§ Work order:
Would you reproduce the whole listing exactly, dropping any pictures it holds?

§ The data:
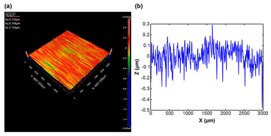 (a) Three-dimensional image of a 304 stainless-steel grinding surface at 0.122 μm. (b) Vertical section image of a 304 stainless-steel grinding surface at 0.122 μm.
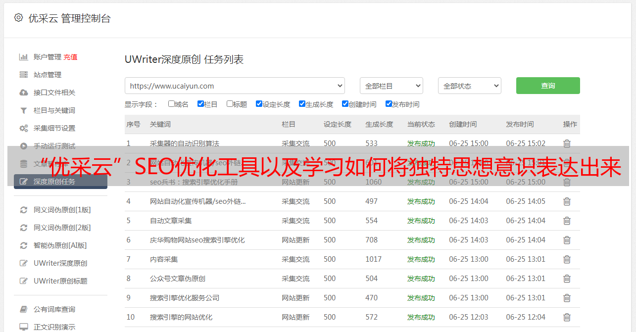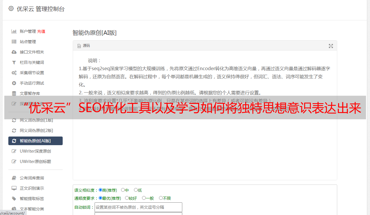 “优采云”SEO优化工具以及学习如何将独特思想意识表达出来
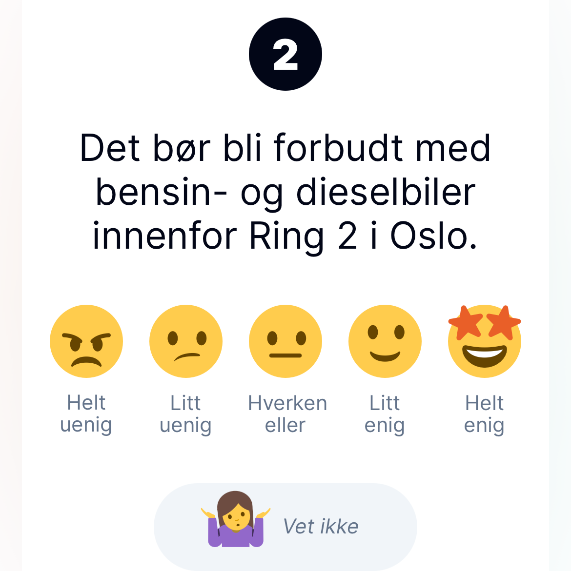 선거기간에 매우 여러 차례 정책토론을 하는 것도 인상적이긴 하지만, 면접 몇 번으로 훌륭한 신입사원을 뽑기가 어려운 것과 마찬가지로 낯선 후보자들 사이에서 옥석을 가려내는 것은 쉽지 않은 일이다. 이럴 때 사회적인 문제들을 질문 형식으로 만들어 어떤 정책을 선호하는 지를 스스로 체크하면 본인이 선택해야 하는 정당과 몇 %나 연관성이 있는지 알려주는 valgomat이라는 웹페이지는 우리나라에도 적극 소개하고 싶을 정도로 신선하다. 내가 받은 질문지는 총 15개의 문제로 구성이 되어 있는데, 이를테면 "오슬로의 교통체증을 줄이기 위해 시내로 들어오는 통행료를 올리는 것이 바람직한가"와 같은 질문에 매우 지지-다소 지지-중립-다소 반대-매우 반대 중 하나를 선택하는 식이다.

§ Answer to the problem:
 (a) Three-dimensional image of a 304 stainless-steel grinding surface at 0.122 μm. (b) Vertical section image of a 304 stainless-steel grinding surface at 0.122 μm.
 “优采云”SEO优化工具以及学习如何将独特思想意识表达出来
 선거기간에 매우 여러 차례 정책토론을 하는 것도 인상적이긴 하지만, 면접 몇 번으로 훌륭한 신입사원을 뽑기가 어려운 것과 마찬가지로 낯선 후보자들 사이에서 옥석을 가려내는 것은 쉽지 않은 일이다. 이럴 때 사회적인 문제들을 질문 형식으로 만들어 어떤 정책을 선호하는 지를 스스로 체크하면 본인이 선택해야 하는 정당과 몇 %나 연관성이 있는지 알려주는 valgomat이라는 웹페이지는 우리나라에도 적극 소개하고 싶을 정도로 신선하다. 내가 받은 질문지는 총 15개의 문제로 구성이 되어 있는데, 이를테면 "오슬로의 교통체증을 줄이기 위해 시내로 들어오는 통행료를 올리는 것이 바람직한가"와 같은 질문에 매우 지지-다소 지지-중립-다소 반대-매우 반대 중 하나를 선택하는 식이다.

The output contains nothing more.